After my initial sharpening, it certainly didn't need to see a stone again during the work I put it though. It really didn't even "need" a strop, but I gave it a kiss with leather or balsa a few times just to see how it reacted and because it's fun to go from "really sharp" to "stupid sharp" in just a few seconds. 

If what you like in a steel is glass-like hardness and super abrasion wear resistance, this is not the steel for you. However, if what you like is steel with a fun personality that "likes" being really sharp, that's resistant to chipping, and quickly forgets mistakes or fatigue, then I have not used a superior combination of steel and HT. 

*Now for the more subjective matters of personal opinion:*

*Aesthetics:*
I like it. It's certainly not traditional or quite like anything else. But, while a bit extreme, the design is also clearly very purposeful and deliberate. It's an interesting combination of angles and curves and it looks both brutal, yet elegant: like some type of modern fighter-bomber jet. Oh yeah, the steel takes some really electric-looking patinas too. 

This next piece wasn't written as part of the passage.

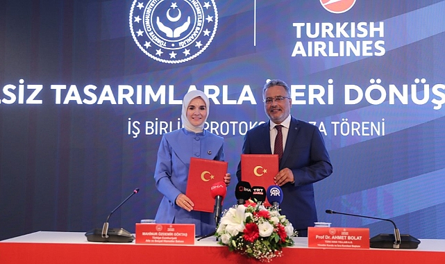 Aile ve Sosyal Hizmetler Bakanlığı ile Türk Hava Yolları (THY) arasında, kullanım ömrünü tamamlamış uçak içi ürünlerin, Bakanlığa bağlı yaşam merkezlerinden hizmet alan bireyler tarafından yeniden üretim süreçlerine kazandırılması amacıyla "Engelsiz Tasarımlarla İleri Dönüşüm Projesi" protokolü imzalandı
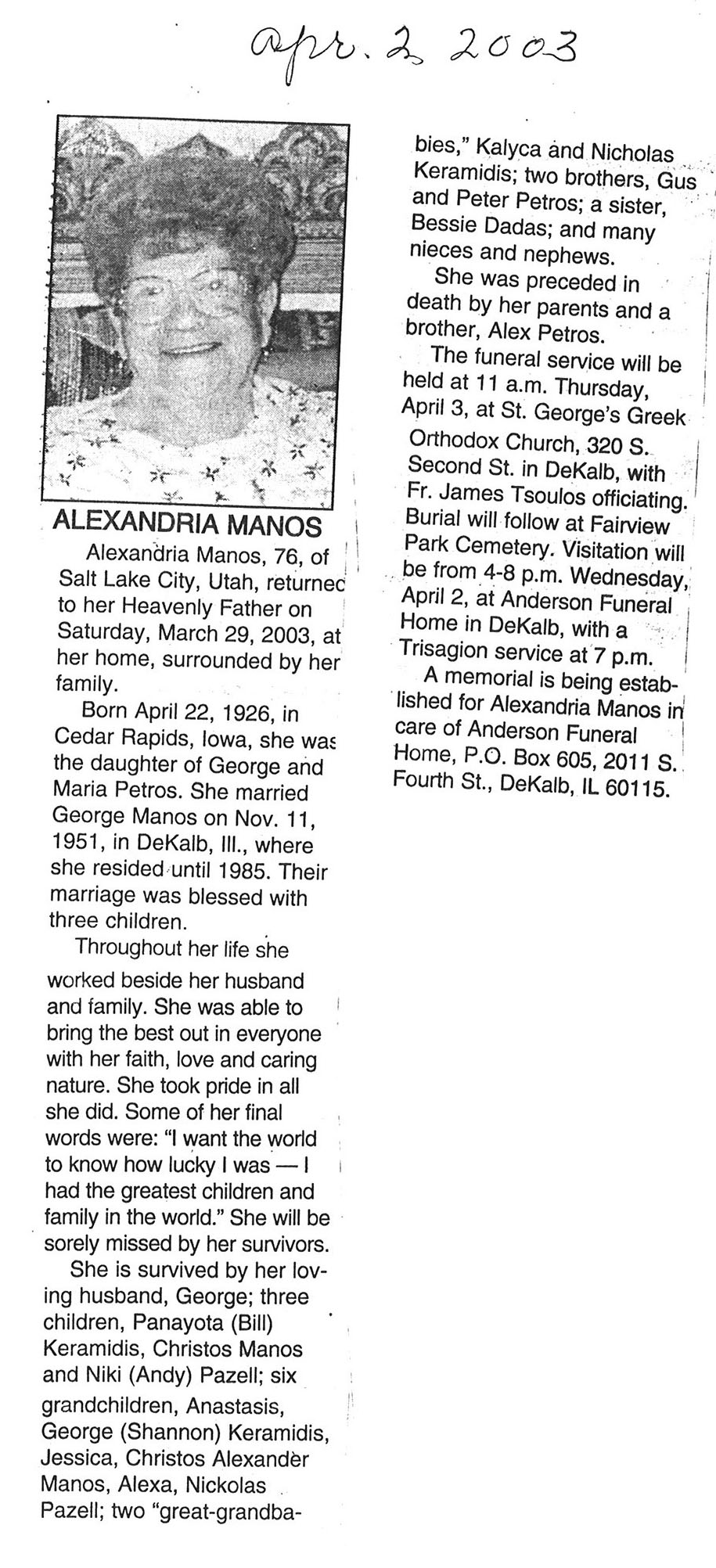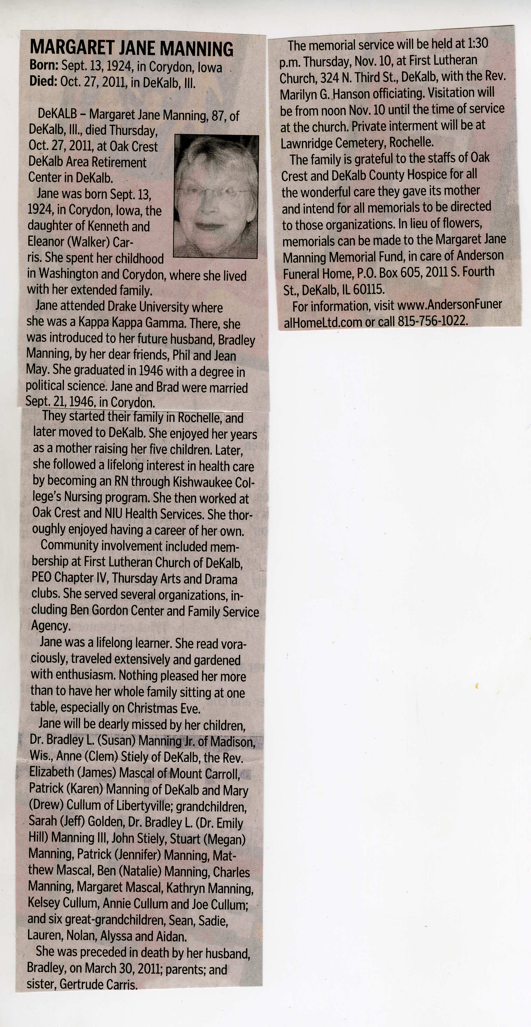 Maiden name unclear-spelled 2 ways in obit

*Design, Ergonomics, and Use: *
From pictures, it's obvious that Harner's design is very unique: High-heel, unusual looking curved, high handle, curved spine, drop-tip kiritsuki tip, and a thin, fairly flat grind. I was expecting it to feel maybe like a low, long cleaver with a point, but western handles are very difficult to judge from pictures. 
*Handle:*
It turns out the the handle is much larger than it looks. it's actually about the same length as most western handles, but it's much taller and thicker, especially near the butt were it flares quite considerably. I have large hands and am forever complaining about small, cramped western handles. So, I was happy when I first pulled the knife out of the box.
However, when it first put it in my hand if felt... "odd." -no bad, not uncomfortable, not ultra comfortable, just different.
The curve of the handle was obviously designed with the curve of the palm in mind:





However, I usually find that the more "ergonomically designed" a handle is, often the more restrictive/ limiting it is in terms of grip variations. I found this to be the case here as well. 
for one the cure on the underside of the handle, combined with the dramatic flair towards the butt did 3 things: 
1)it forced my finger closer together and closer to the blade:
normal finger spacing:




compressed to fit grip:





2)it forced my pinkie to be much more open / extended in order to fit around the very tall and thick section at the end:





-3)It rotated my grip around the side an under the handle more than I normally hold, so my knuckles where much more "under" the handle





So, the end result in terms of hand position was a grip that felt rather far forward on the blade: basically on/ around the balance point vs behind it:
Balance point and where I had to pinch in order to grip the handle:










The other unpleasant surprise is that while the handle looks like it supports a high grip, the arch of the handle actually results in a low grip where the heel of my hand flet lower than the spine. Most of my cutting motions come from my arm / elbow with minimum wrist flick. However, this grip angle made my arm feel out of alignment with the blade. I also felt that this girp and wrist angle was not very conducive to the tip-on-the-board rock n' roll motion, which leads me to....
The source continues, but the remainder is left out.